*** EXCERPTED RECORDS ***

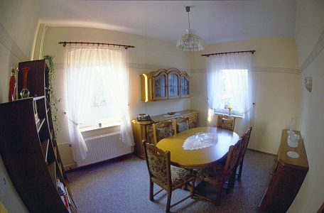 Fisheye 15mm (type: equisolid angle), 35mm-Film, cropped by slide-frame. Complete room (4 walls, ceiling and floor)
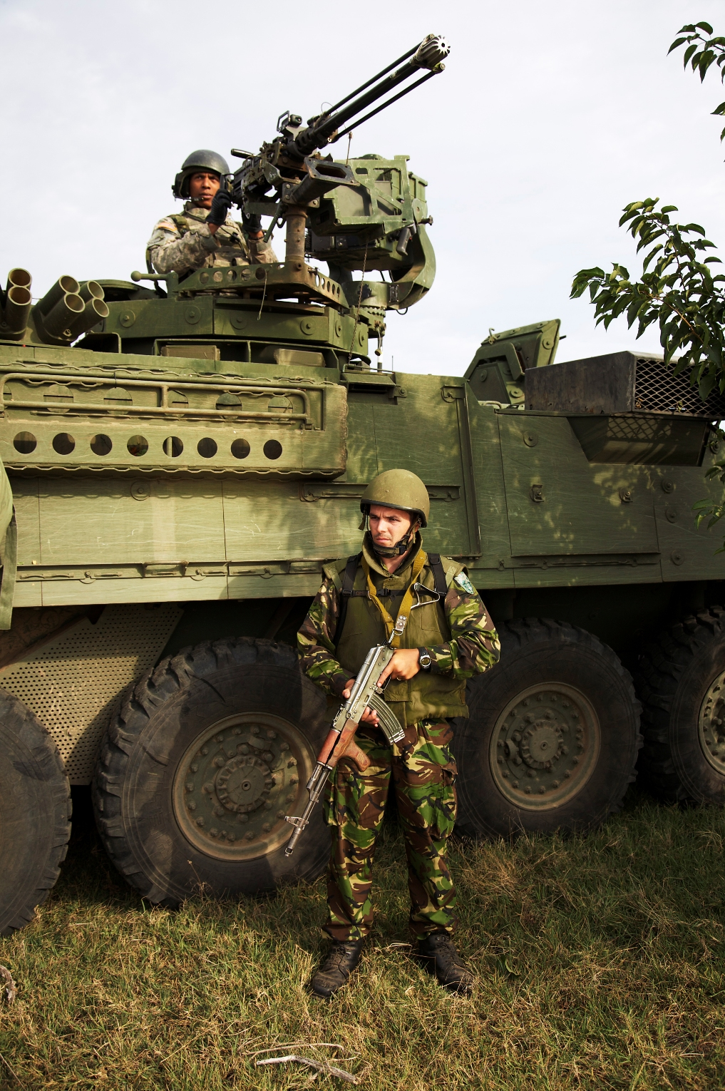 BABADAG TRAINING AREA, Romania - U.S. Soldiers of the 2nd Stryker Cavalry Regiment and Romanian forces of the 33rd Mountain Troop Battalion, Posada train together during the 2009 JTF-East rotation at the Babadag Training Area, Romania.
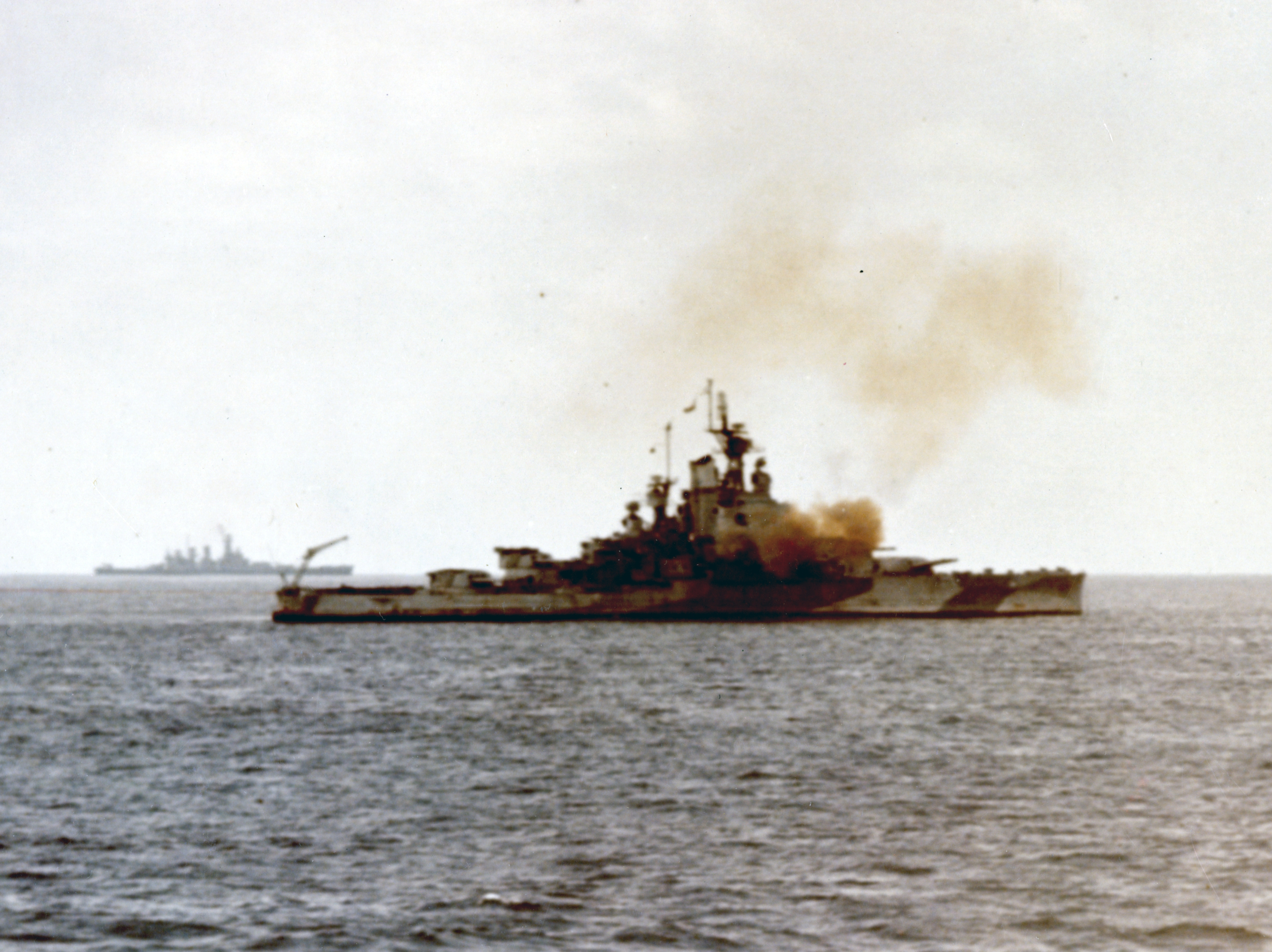 USS Nevada (BB-36) bombarding Iwo Jima, 19 February 1945. A North Carolina class battleship (probably USS Washington, BB-56) is in the left distance. Official U.S. Navy Photograph, now in the collections of the National Archives.
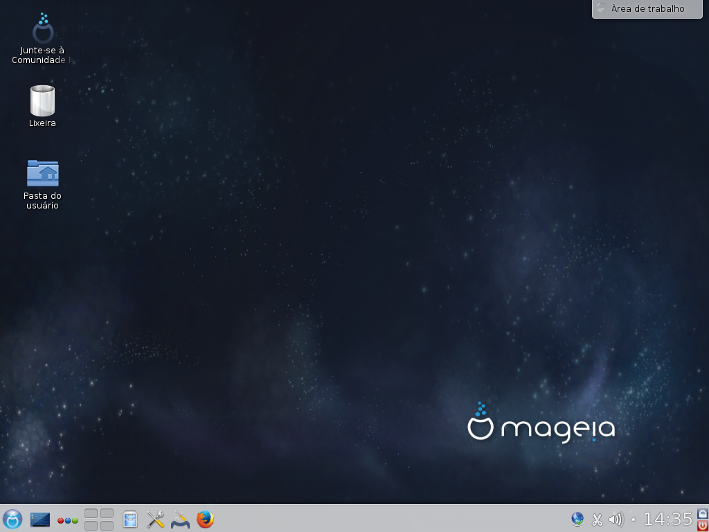 Mageia 5 Kde
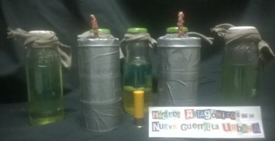 Bombas de tuberías utilizadas por Núcleos Antagónicos de la Nueva Guerrilla Urbana antes de una manifestación violenta
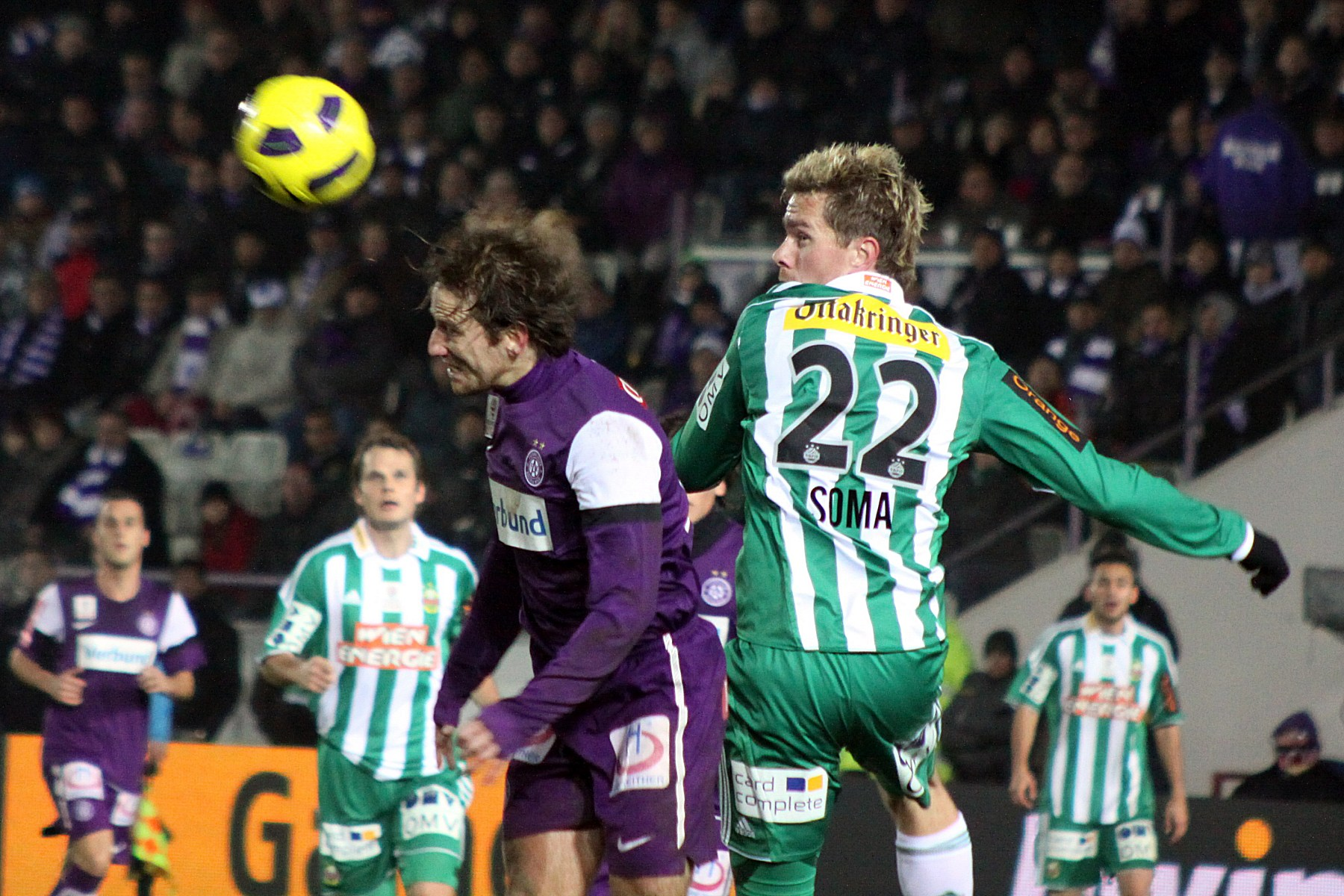 Derby of Vienna - FK Austria Wien vs. SK Rapid Wien 0:1 – Tomáš Jun vs. Ragnvald Soma.
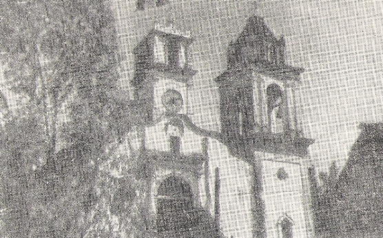 This is a picture taken in 1966 of Main Church Santa Maria de la Asunción in Atoyac de Alvarez
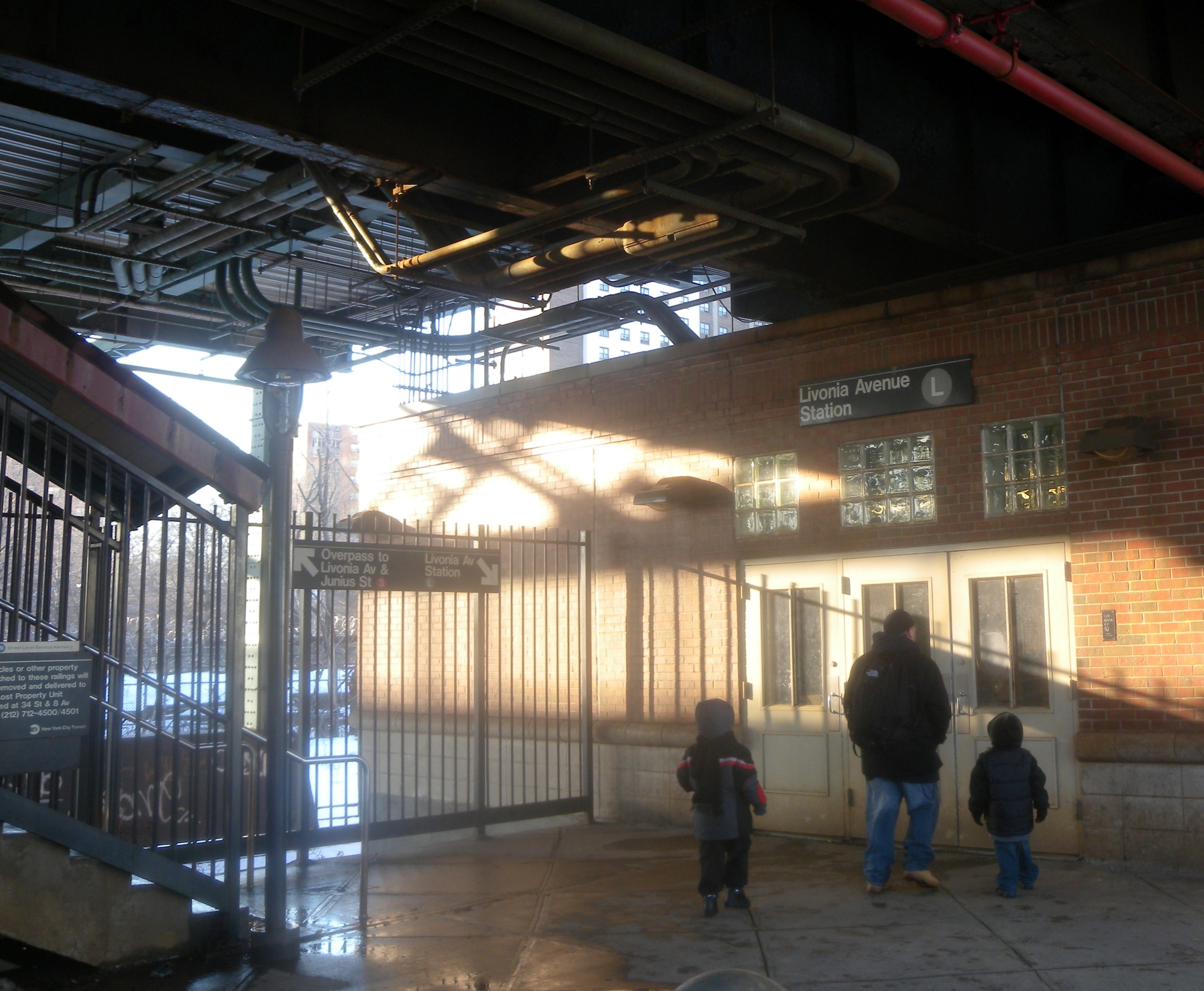 Looking northwest at ground level token booth of Livonia BMT station on a sunny afternoon.

*** End of EXCERPTED RECORDS ***

WORK TO COMPLETE:
The range runs from the line containing "Mageia 5 Kde" through the end of the entries; print those lines exactly and leave the pictures out.

ANSWER TO THIS TASK:
 Mageia 5 Kde
 Bombas de tuberías utilizadas por Núcleos Antagónicos de la Nueva Guerrilla Urbana antes de una manifestación violenta
 Derby of Vienna - FK Austria Wien vs. SK Rapid Wien 0:1 – Tomáš Jun vs. Ragnvald Soma.
 This is a picture taken in 1966 of Main Church Santa Maria de la Asunción in Atoyac de Alvarez
 Looking northwest at ground level token booth of Livonia BMT station on a sunny afternoon.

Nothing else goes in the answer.